Provided material:
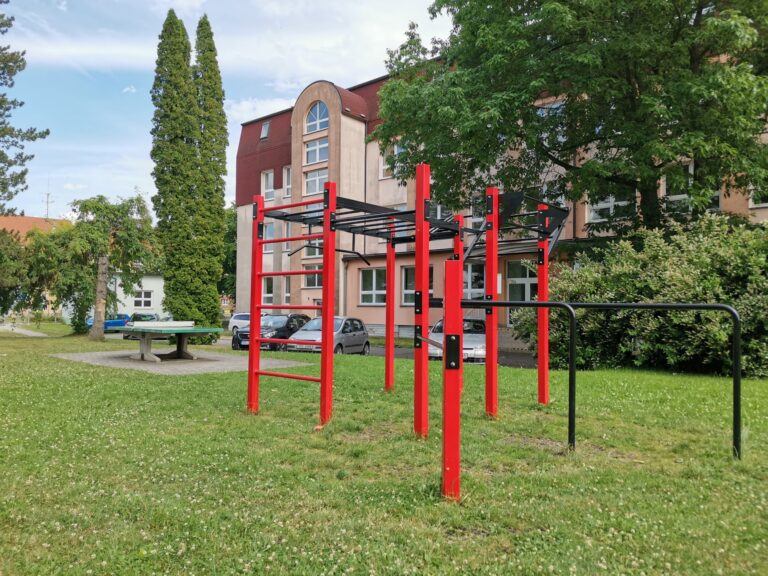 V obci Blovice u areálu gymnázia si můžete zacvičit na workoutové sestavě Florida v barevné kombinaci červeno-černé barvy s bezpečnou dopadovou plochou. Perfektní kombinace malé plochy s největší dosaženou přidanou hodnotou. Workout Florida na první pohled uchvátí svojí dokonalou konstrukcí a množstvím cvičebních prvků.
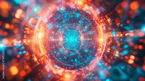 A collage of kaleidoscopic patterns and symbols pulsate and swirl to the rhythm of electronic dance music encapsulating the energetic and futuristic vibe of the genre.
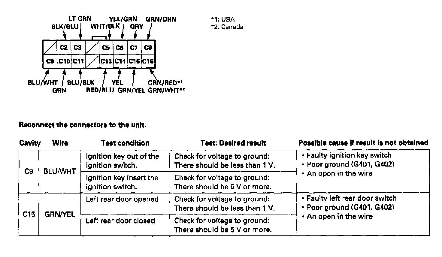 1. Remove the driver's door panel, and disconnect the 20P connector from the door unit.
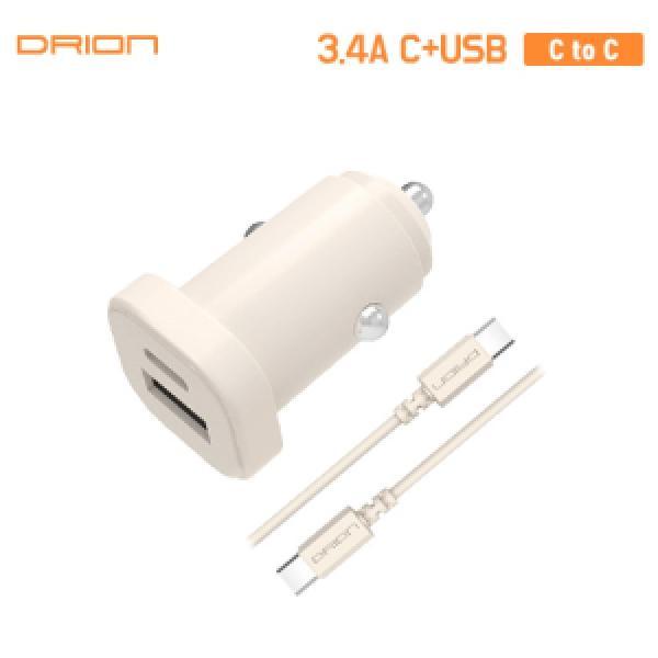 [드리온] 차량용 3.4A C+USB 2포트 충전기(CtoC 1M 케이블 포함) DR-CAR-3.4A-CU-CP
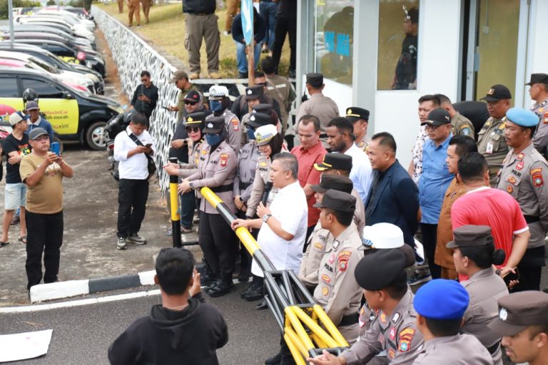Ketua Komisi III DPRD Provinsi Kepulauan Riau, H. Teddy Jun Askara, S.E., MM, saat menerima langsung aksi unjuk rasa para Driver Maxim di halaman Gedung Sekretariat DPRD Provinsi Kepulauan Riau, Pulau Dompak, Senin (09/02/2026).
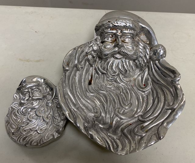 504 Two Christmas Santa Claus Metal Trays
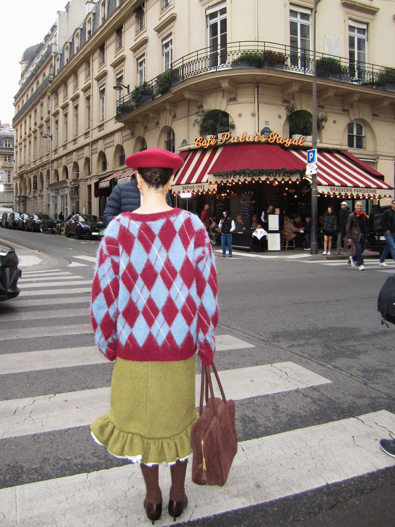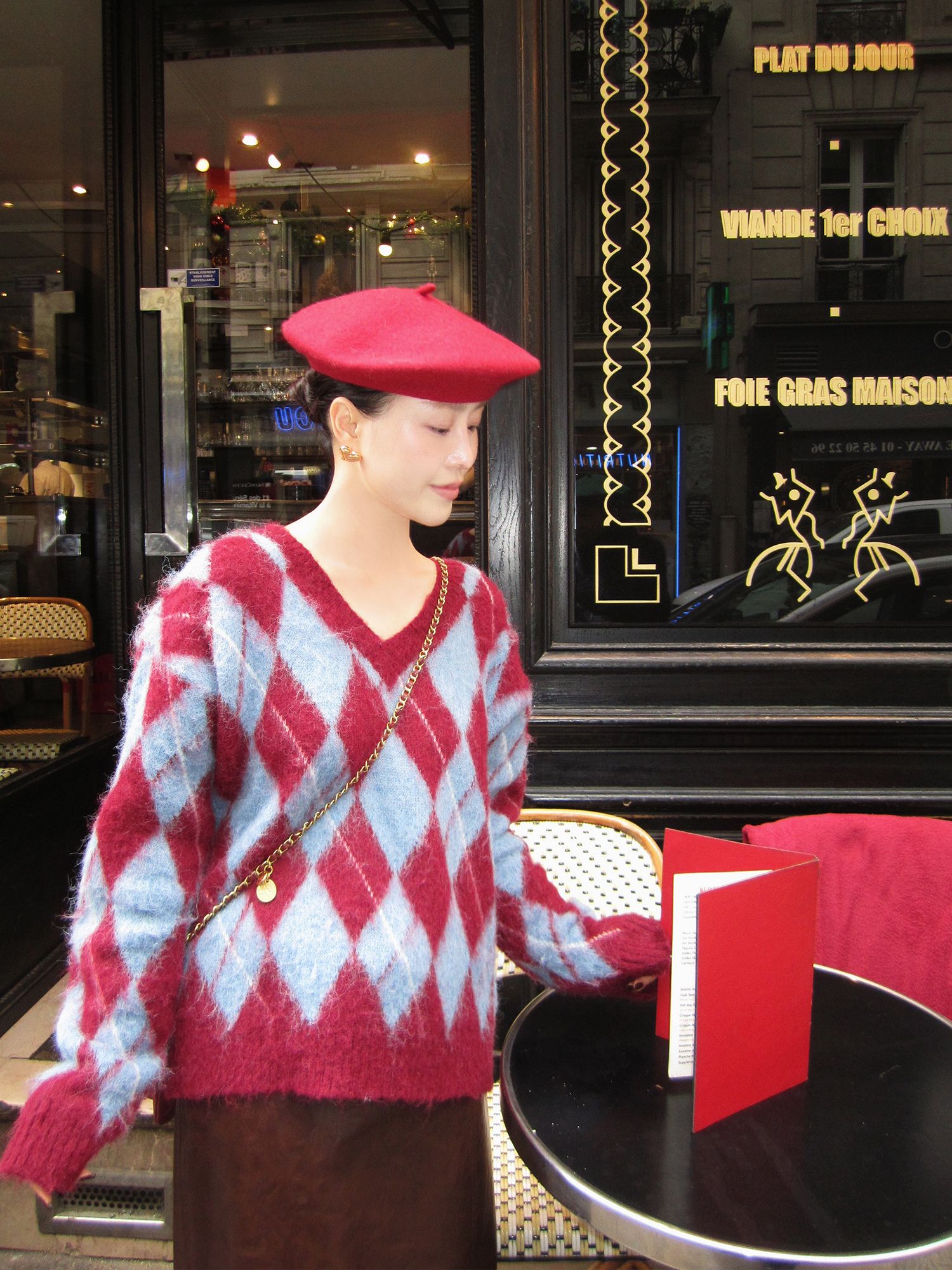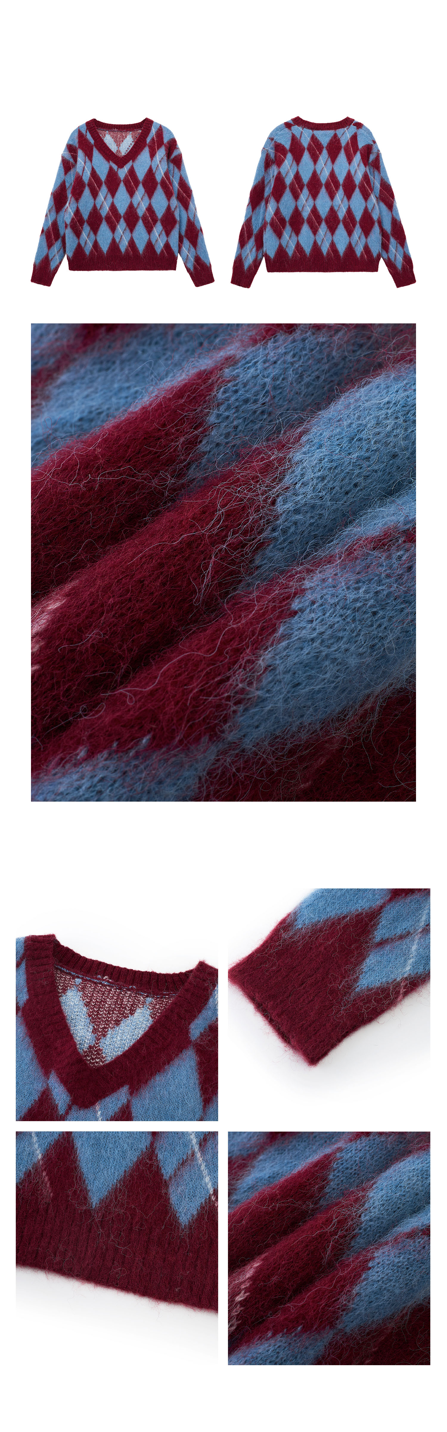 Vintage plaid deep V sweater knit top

Task: Nothing but the pictures may be dropped as you repeat the listing above exactly.

Answer to this exercise:
 V obci Blovice u areálu gymnázia si můžete zacvičit na workoutové sestavě Florida v barevné kombinaci červeno-černé barvy s bezpečnou dopadovou plochou. Perfektní kombinace malé plochy s největší dosaženou přidanou hodnotou. Workout Florida na první pohled uchvátí svojí dokonalou konstrukcí a množstvím cvičebních prvků.
 A collage of kaleidoscopic patterns and symbols pulsate and swirl to the rhythm of electronic dance music encapsulating the energetic and futuristic vibe of the genre.
 1. Remove the driver's door panel, and disconnect the 20P connector from the door unit.
 [드리온] 차량용 3.4A C+USB 2포트 충전기(CtoC 1M 케이블 포함) DR-CAR-3.4A-CU-CP
Ketua Komisi III DPRD Provinsi Kepulauan Riau, H. Teddy Jun Askara, S.E., MM, saat menerima langsung aksi unjuk rasa para Driver Maxim di halaman Gedung Sekretariat DPRD Provinsi Kepulauan Riau, Pulau Dompak, Senin (09/02/2026).
 504 Two Christmas Santa Claus Metal Trays
 Vintage plaid deep V sweater knit top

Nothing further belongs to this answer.